[The data]
^^^^
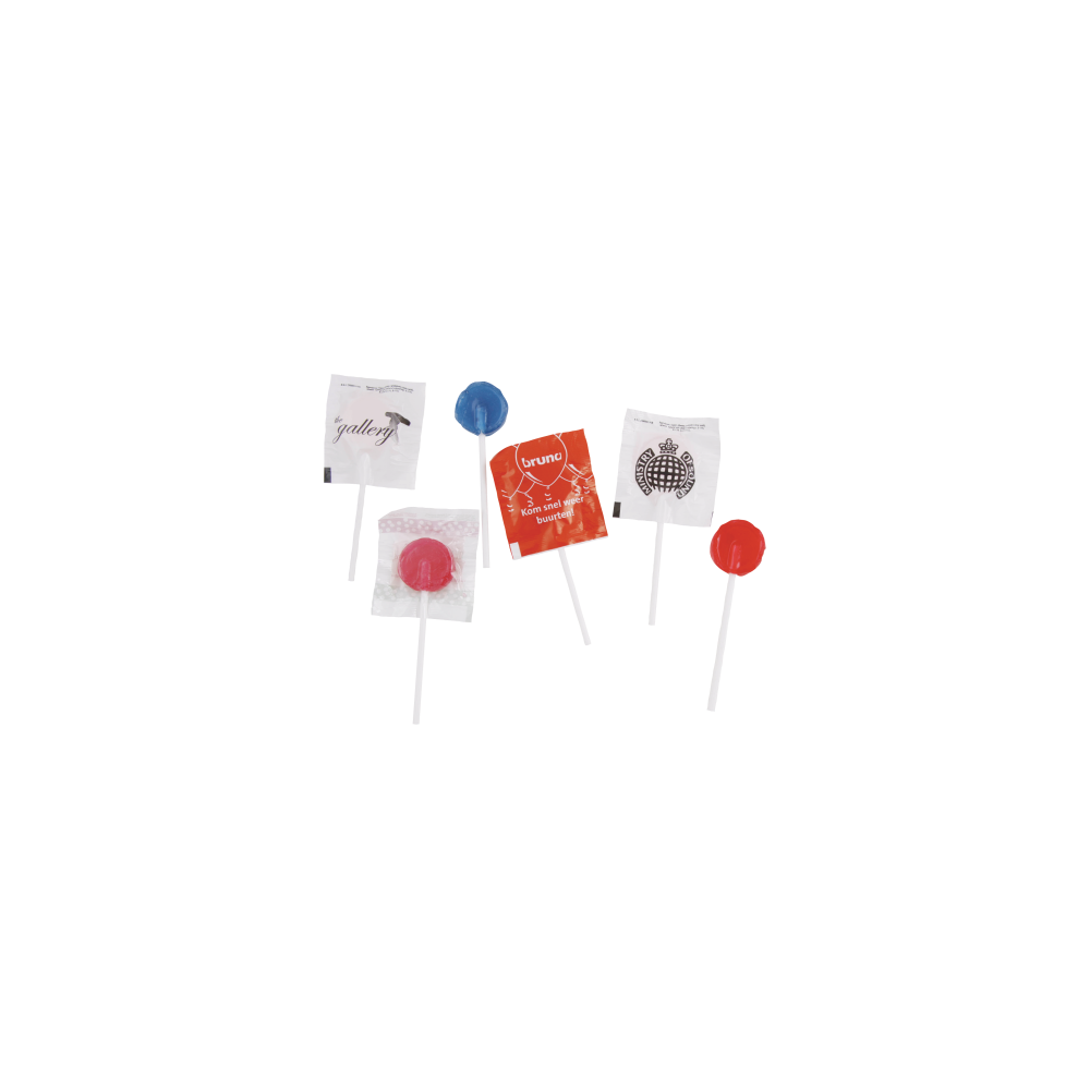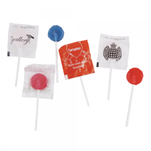 Artikel-Nr: 4283413-4-t1 Lutscher (ca. 13 g) verpackt in transparenter Folie, rundum bedruckt. Erhältlich in verschiedenen Geschmacksrichtungen. Haltbarkeit: 18 Monate, Lieferzeit: ca. 4 Wochen, Preise inkl. 4-farbigen Druck, zzgl. Drucknebenkosten
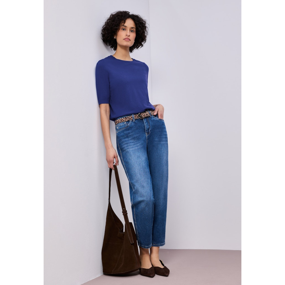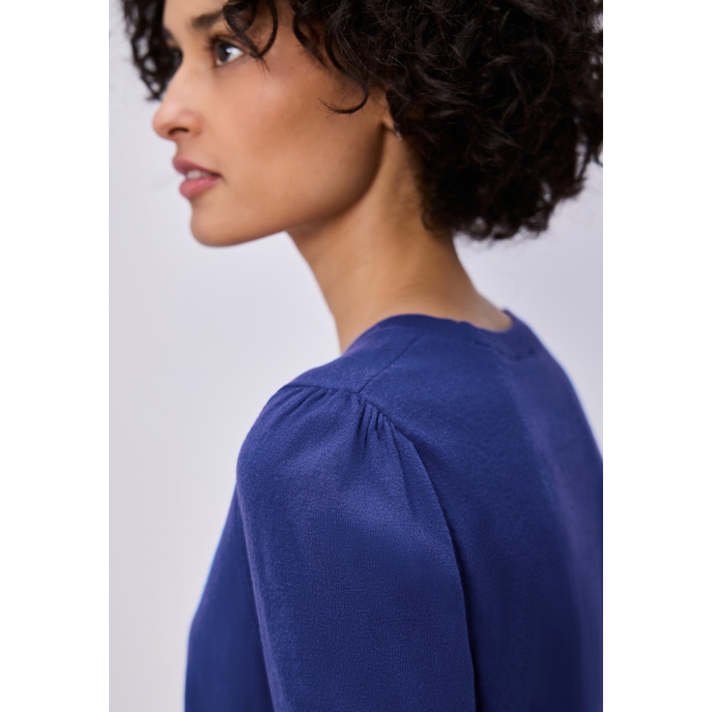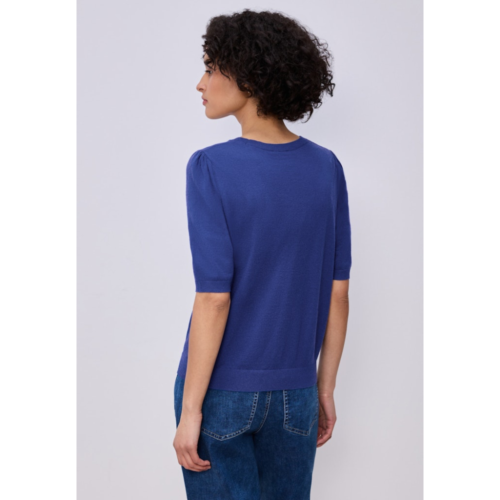 Deze effen gebreide trui van Street One heeft modieuze pofmouwen, een kort model en een klassieke ronde halslijn. Een ongecompliceerde stijl voor elke dag. Gemaakt van 30% polyester, 27% acryl, 23% polyamide en 20% viscose Kleur : Amparo Blue
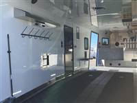 ) 40,000 BTU furnaces, fully insulated interior/floor, marine grade flooring, 6k Dexter torsion axles, 15'' aluminum rims and tires, ducted under snowmobile tracks, LED ceiling and floor lights , electric/hydraulic single jack, spare tire, Ducted heat package for boots, gloves, bibs, jackets and helmets, two storage boxes
^^^^
Omit every picture, then reproduce the rest of the listing exactly.

 Artikel-Nr: 4283413-4-t1 Lutscher (ca. 13 g) verpackt in transparenter Folie, rundum bedruckt. Erhältlich in verschiedenen Geschmacksrichtungen. Haltbarkeit: 18 Monate, Lieferzeit: ca. 4 Wochen, Preise inkl. 4-farbigen Druck, zzgl. Drucknebenkosten
 Deze effen gebreide trui van Street One heeft modieuze pofmouwen, een kort model en een klassieke ronde halslijn. Een ongecompliceerde stijl voor elke dag. Gemaakt van 30% polyester, 27% acryl, 23% polyamide en 20% viscose Kleur : Amparo Blue
 ) 40,000 BTU furnaces, fully insulated interior/floor, marine grade flooring, 6k Dexter torsion axles, 15'' aluminum rims and tires, ducted under snowmobile tracks, LED ceiling and floor lights , electric/hydraulic single jack, spare tire, Ducted heat package for boots, gloves, bibs, jackets and helmets, two storage boxes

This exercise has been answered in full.